National Guard on alert
Facing the potential of civil unrest, Minnesota Governor Tim Walz has put the state's National Guard on alert.
Hundreds of demonstrators gathered in Minneapolis on Thursday, chanting "shame" and "murder" at armed and masked federal officers, some of whom used tear gas and pepper balls on protesters.
"I feel like we're at a turning point. I can't say it enough, but things have got to change," said Minneapolis protester Rachel Hoppei, 52.
"We don't want you," she said of federal officers. "You have no right to be here. You're destroying our communities."
Minnesota officials complained they were denied access to the scene evidence, case materials or interviews. U.S. Department of Homeland Security Secretary Kristi Noem told reporters in New York that Minnesota simply did not have jurisdiction.
Without access, the Minnesota Bureau of Criminal Apprehension said it had withdrawn from the investigation.
The ICE agent who shot Good was among 2,000 federal officers the Trump administration has deployed to the Minneapolis area in what it described as the "largest DHS operation ever." Part of Trump's nationwide crackdown on migrants, the operation was also mounted in response to a politically charged investigation into fraud allegations against some nonprofit groups in the Somali community.
Vice President JD Vance, during a press briefing, repeatedly called Good's actions an "attack" on law enforcement and said the agent deserved "a debt of gratitude."
Vance said the same agent had been dragged by a car last year and suffered injuries that required 33 stitches. That description matched a case from June 2025, when a migrant living in the country illegally tried to drive away while ICE agents were attempting to arrest him in Bloomington, Minnesota, dragging one officer about 100 yards (91 meters).

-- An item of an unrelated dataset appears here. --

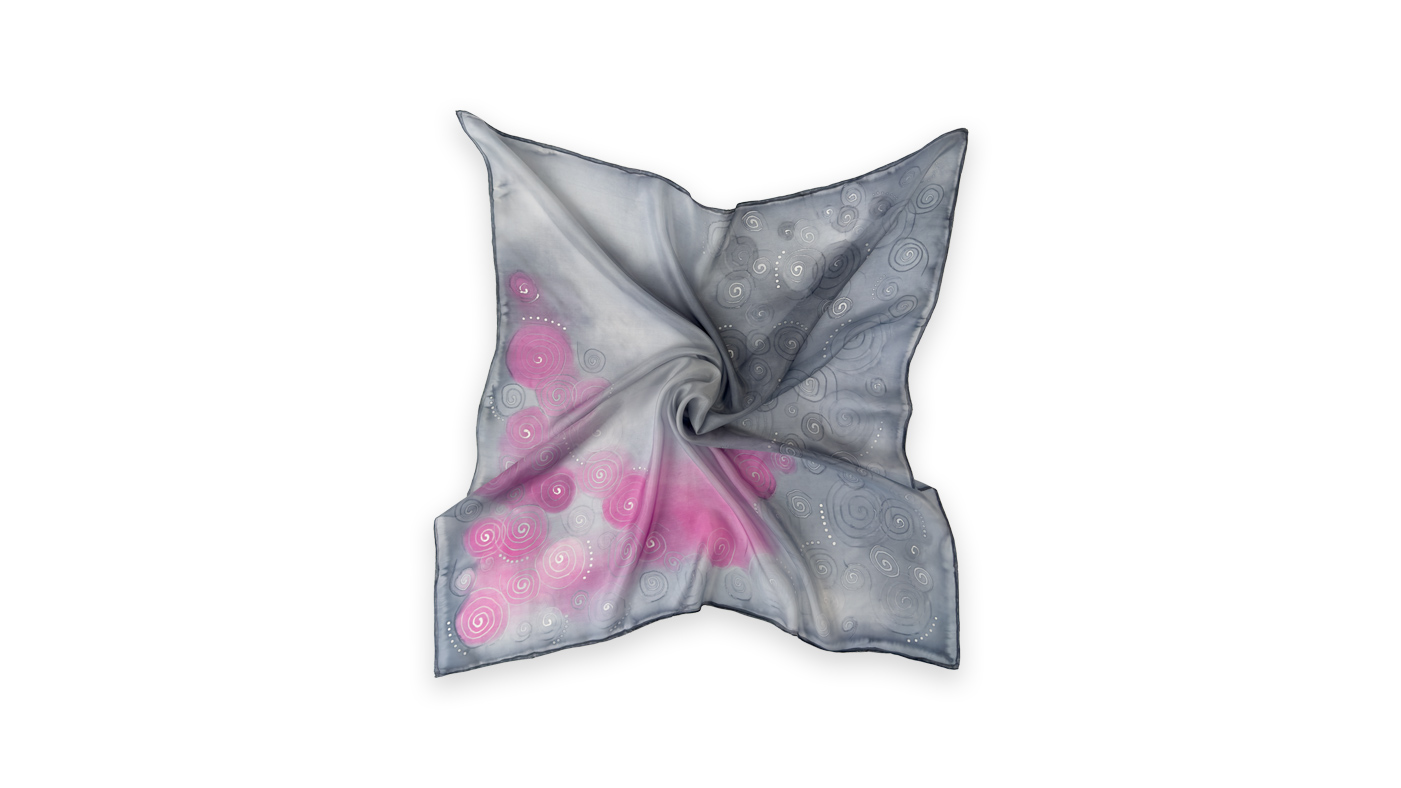 Šilko satino skara - Grey Rose Bahiti Rankomis dažytas šilko skara.

The officer, identified in court records as Jonathan Ross, suffered wounds to his arm and hand that took a total of 33 stitches to close, according to prosecutors. The driver was convicted last month of assaulting a federal officer.
DHS declined to identify the agent
Meanwhile, more details began to emerge about Good, who had a 15-year-old daughter and two sons aged 12 and 6, according to the Washington Post.

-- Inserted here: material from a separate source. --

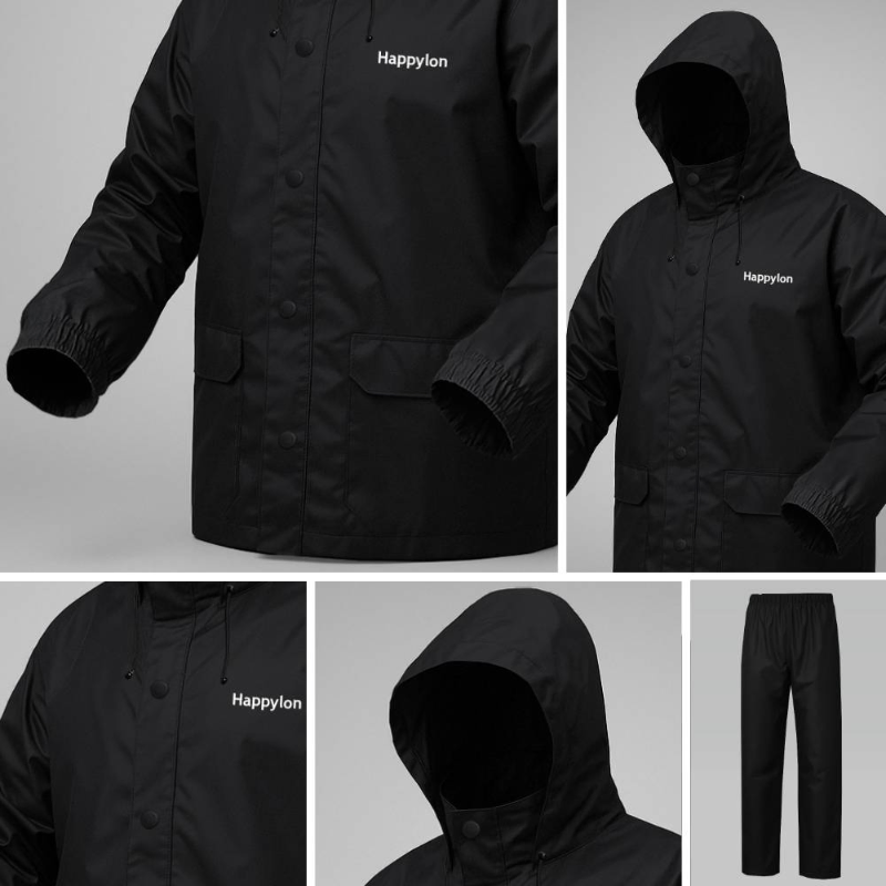 100% Water proof High quality Rain Coat With Pant. (Happylon) Black

Michelle Gross, president of the Minnesota-based Community United Against Police Brutality and a paralegal for the National Lawyers Guild, told Reuters she knew first-hand of Good's involvement as one of hundreds of community members taking part in neighborhood "observer" patrols, and "had been doing that" when she was killed.

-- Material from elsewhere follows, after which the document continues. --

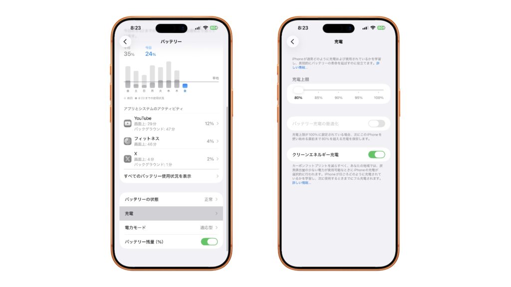 対応モデルでは充電上限を80〜100%の範囲で設定できます。Appleは「満充電で過ごす時間を減らして寿命を伸ばす」目的を明記しています。(support.apple.com)

Gross disputed assertions by Noem that Good "had been stalking and impeding" agents' work all day.
"There was absolutely no justification for deadly force," Gross said. "People are just exercising their First Amendment right to videotape police."
What remains very much in dispute among federal and state officials is what happened in the moments leading up to the killing of Good.
Bystander videos show two masked officers approaching Good's car, which was stopped at a perpendicular angle on a Minneapolis street. As one officer ordered Good out of the car and grabbed at her door handle, the car briefly reversed and then began driving forward, turning to the right.
A third officer drew his gun and fired three times while jumping back, with the last shots aimed through the driver's window after the car's bumper appeared to have passed by his body.
It was unclear from the video whether the car came into contact with the officer, who stayed on his feet and could be seen walking after the incident. Trump said on social media that the woman "ran over the ICE Officer."